Only the stretch below from the line holding "- 【USB Ports" through the line holding "为积极响应国家征兵号召,鼓励" should be restated, word for word and with both ends included; pictures stay out.

Data for processing section start

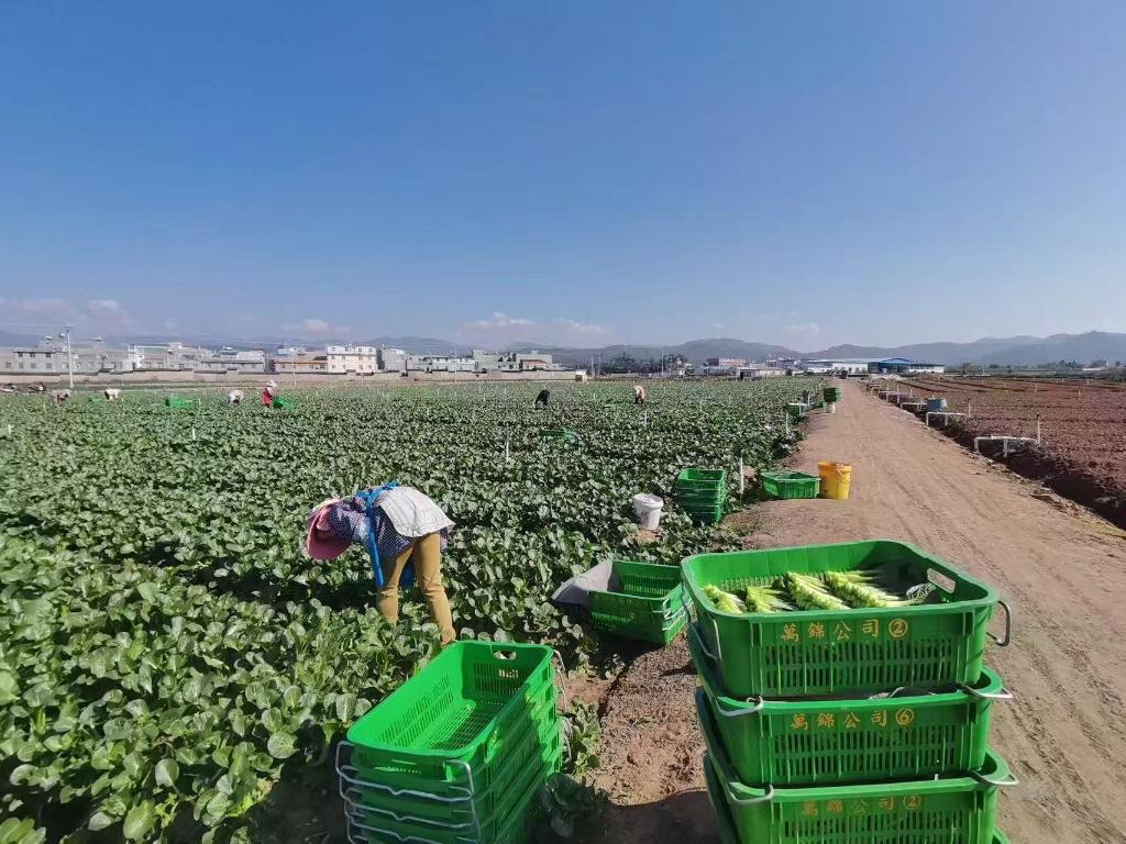 在云南省祿豐市彩云鎮,農戶們正在采收蔬菜,送往包裝車打包外運。(受訪單位供圖)
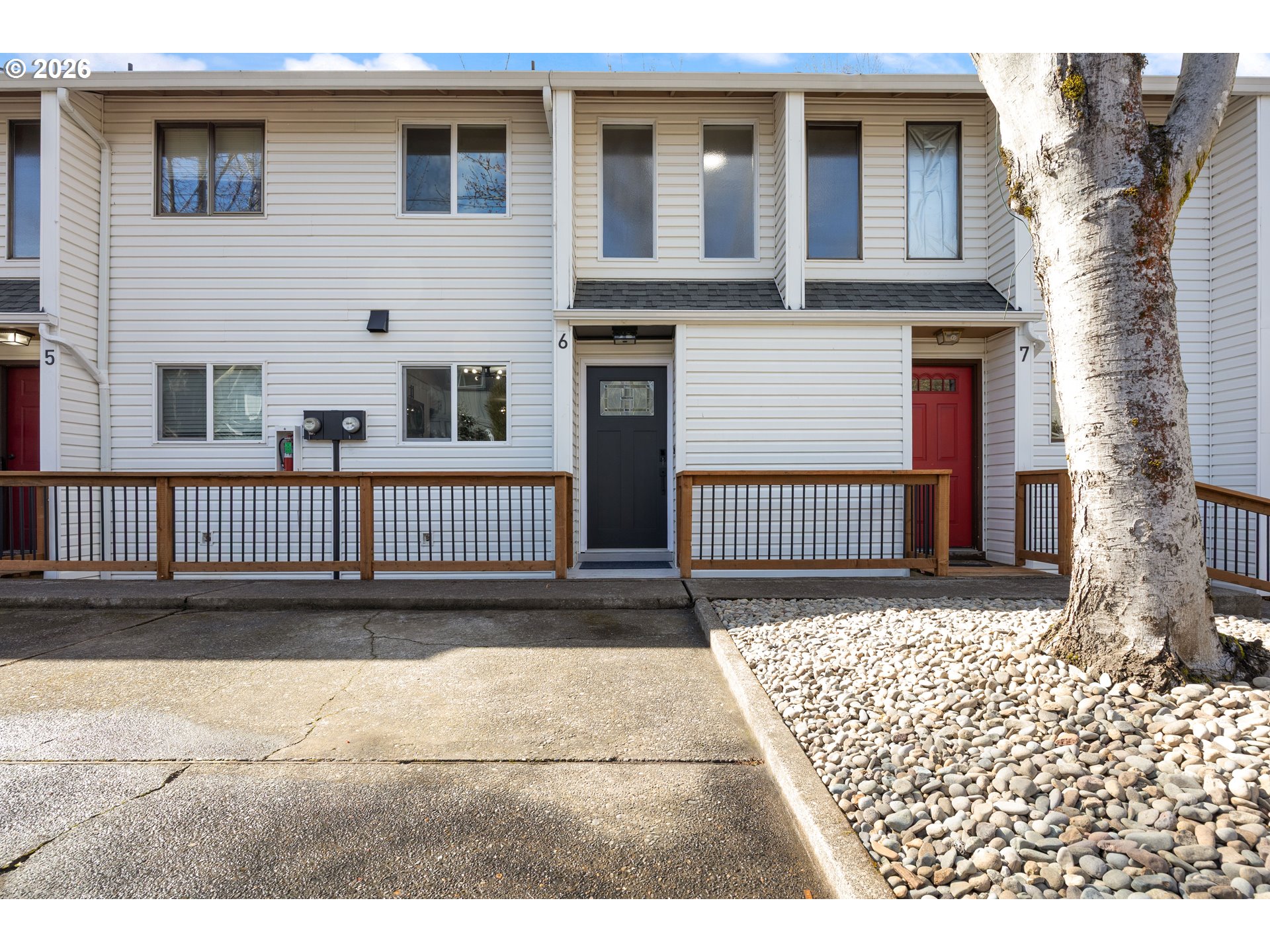Fully renovated 2 bedrooms, 1.5 bathroom townhouse Move-in ready with low HOA! in desirable Bridlemile, where convenience and comfort meet. Step inside and be greeted by a cozy living space featuring a wood-burning fireplace with charming brick surroundings, Enjoy peace of mind with recent upgrades with brand new flooring, paint, remodeled kitchen with quartz countertops, modern appliances with an in-unit washer & dryer, new bathrooms with custom tile and two storage sheds on the back balconies. Plus, you'll enjoy the added convenience of a recently completed exterior remodel, boasting a new roof, fences, newer exterior paint and more. The property backs up to trees and a neighboring yard, offering some privacy and greenery along with large parking area. Don't miss out on the opportunity to call this home. Seller is LA.
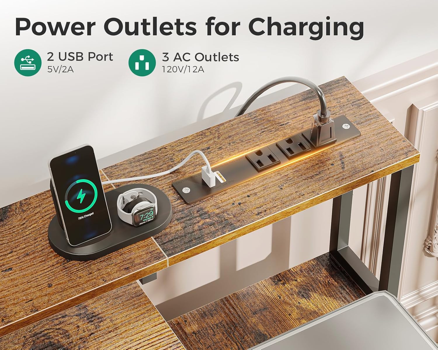 - 【USB Ports & Power Outlets】Our home office desk features an integrated power center with 3 AC outlets and 2 USB ports, enabling fast charging for your smartphones, tablets, or gaming devices. Keep cables tidy and your workspace clutter-free—effortless power, zero distractions
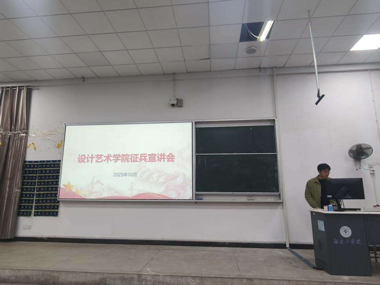 为积极响应国家征兵号召,鼓励学院青年学子投身国防事业,10月21日,设计艺术学院在建工楼6215举行大学生征兵宣讲会,院党委书记余忠、院党委副书记刘易华、学工办主任兼分团委书记黄宝乐及辅导员黄冬春、周海龙出席会议。
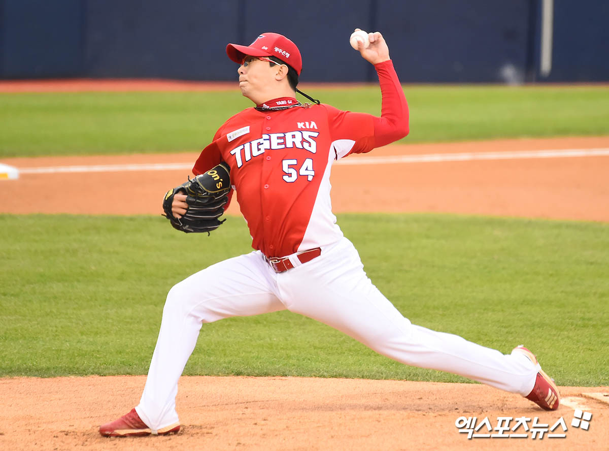 [엑스포츠뉴스 잠실, 윤다희 기자] 2일 오후 서울 송파구 잠실야구장에서 열린 ‘2020 신한은행 SOL KBO 리그’ KIA 타이거즈와 두산 베어스의 경기, 1회말 KIA 선발투수 양현종이 역투하고 있다.
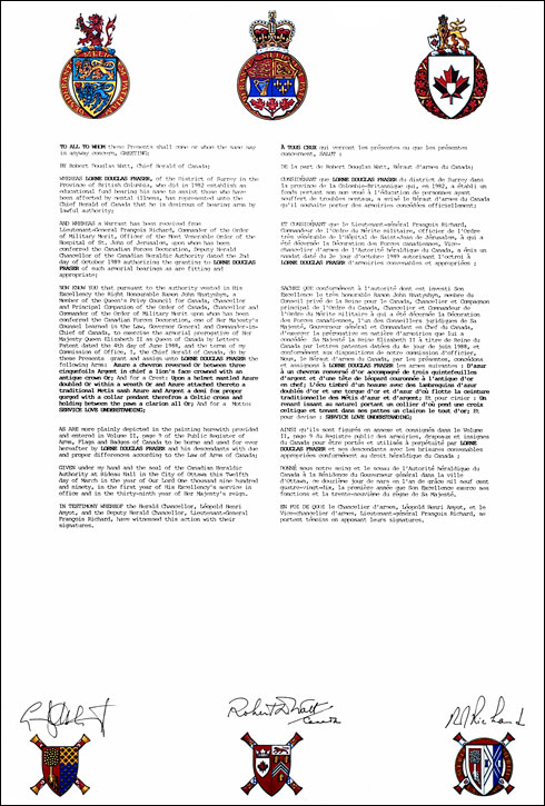 Informations additionnellesCréateur(s)Concept original de Charles Maier, héraut Athabaska, assisté par les hérauts de l'Autorité héraldique du Canada. Artiste-peintreJoan Ouellette CalligrapheNancy Ellis Type de récipiendaireIndividuel |
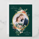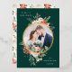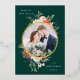 Winter Floral Green and Gold Circle Photo Foil Holiday Card
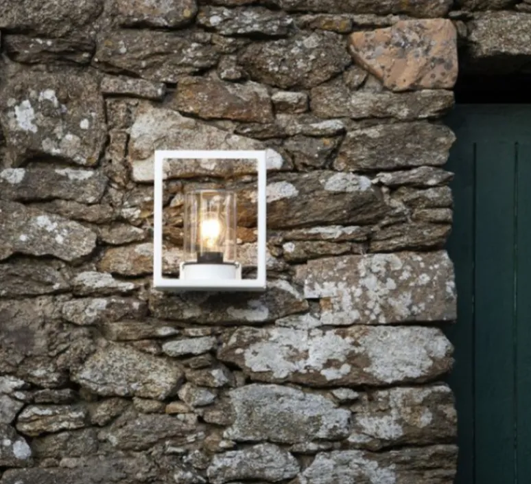 Esthétiquement, l’applique d’extérieur Hugy N° 1 présente une forme cubique graphique, avec un verre clair teinté et une finition blanc pur qui lui confère une allure moderne et originale. Pour un effet décoratif saisissant, installez-la le long d’un mur ou à l’entrée de votre jardin, créant ainsi une ambiance lumineuse et accueillante dans votre espace extérieur.

Data for processing section end

**The answer**:
 - 【USB Ports & Power Outlets】Our home office desk features an integrated power center with 3 AC outlets and 2 USB ports, enabling fast charging for your smartphones, tablets, or gaming devices. Keep cables tidy and your workspace clutter-free—effortless power, zero distractions
 为积极响应国家征兵号召,鼓励学院青年学子投身国防事业,10月21日,设计艺术学院在建工楼6215举行大学生征兵宣讲会,院党委书记余忠、院党委副书记刘易华、学工办主任兼分团委书记黄宝乐及辅导员黄冬春、周海龙出席会议。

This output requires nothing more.